■ **INFORMATION SHOWN**
--- --- ---

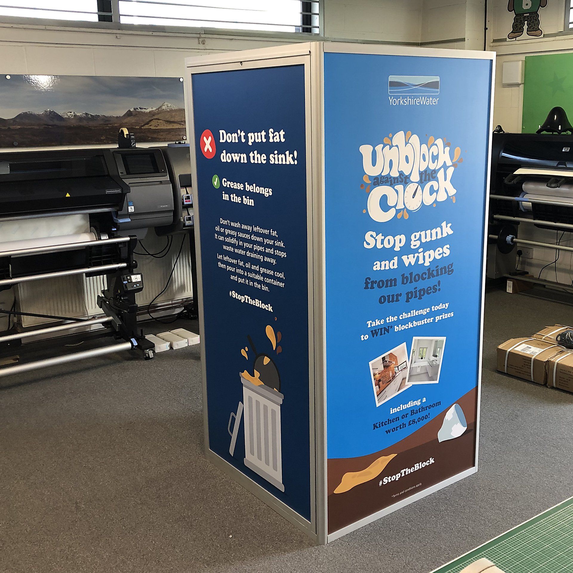 Our Freestanding Towers & Booths come in a variety of shapes and sizes. The hard wearing 5mm thick rigid graphics sit within the strong aluminium framework to provide a central focal point at any event or exhibition.
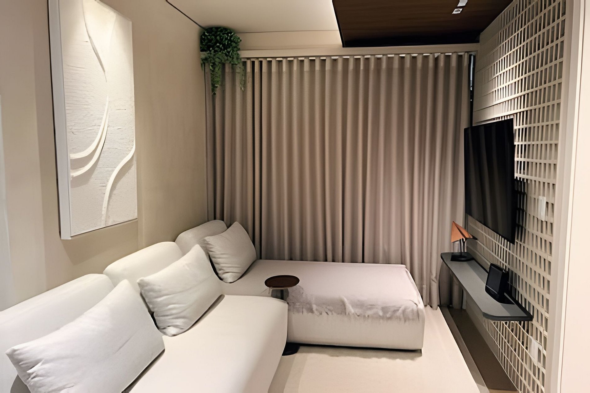 - suíte com cama queen, blackout 100% e ar condicionado.
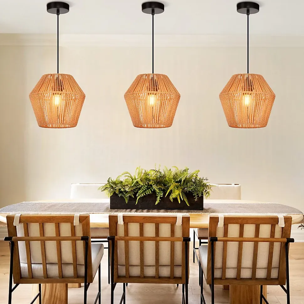 Lampe à suspension moderne en rotin tressé à la main : Cette lampe présente un design géométrique en losanges dans un style bohème vintage, parfaite pour une décoration uniqueHauteur réglable : avec un système de suspension de 150 cm, la longueur de la lampe peut être ajustée selon les besoins pour trouver l’endroit parfaitCompatible avec diverses ampoules E27 : cette suspension prend en charge différents types d’ampoules, telles que les ampoules blanc chaud, blanc neutre, blanc froid, RVB et à intensité variable. (Veuillez noter : la lampe ne contient pas d’ampoule, elle doit être achetée séparément.)Puissance maximale de 40 W : cette suspension vintage est sûre et économe en énergie, fournissant suffisamment de lumière pour vos piècesPOLYVALENT : Cette lampe suspendue s’intègre parfaitement dans le salon, la chambre, la salle à manger, la cuisine et peut également être utilisée comme lampe de lit, lampe de salon ou lampe de cuisine
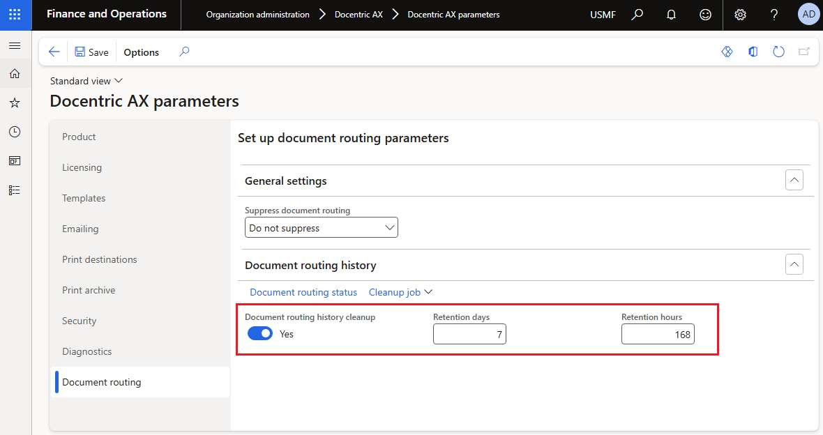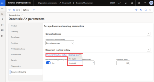 Document routing history cleanup: Turn this checkbox on if you want to apply document retention rules.

--- --- ---

■ **YOUR GOAL**
Could you return the whole listing exactly, with every picture removed?

■ **SOLVED PROBLEM**
 Our Freestanding Towers & Booths come in a variety of shapes and sizes. The hard wearing 5mm thick rigid graphics sit within the strong aluminium framework to provide a central focal point at any event or exhibition.
 - suíte com cama queen, blackout 100% e ar condicionado.
 Lampe à suspension moderne en rotin tressé à la main : Cette lampe présente un design géométrique en losanges dans un style bohème vintage, parfaite pour une décoration uniqueHauteur réglable : avec un système de suspension de 150 cm, la longueur de la lampe peut être ajustée selon les besoins pour trouver l’endroit parfaitCompatible avec diverses ampoules E27 : cette suspension prend en charge différents types d’ampoules, telles que les ampoules blanc chaud, blanc neutre, blanc froid, RVB et à intensité variable. (Veuillez noter : la lampe ne contient pas d’ampoule, elle doit être achetée séparément.)Puissance maximale de 40 W : cette suspension vintage est sûre et économe en énergie, fournissant suffisamment de lumière pour vos piècesPOLYVALENT : Cette lampe suspendue s’intègre parfaitement dans le salon, la chambre, la salle à manger, la cuisine et peut également être utilisée comme lampe de lit, lampe de salon ou lampe de cuisine
 Document routing history cleanup: Turn this checkbox on if you want to apply document retention rules.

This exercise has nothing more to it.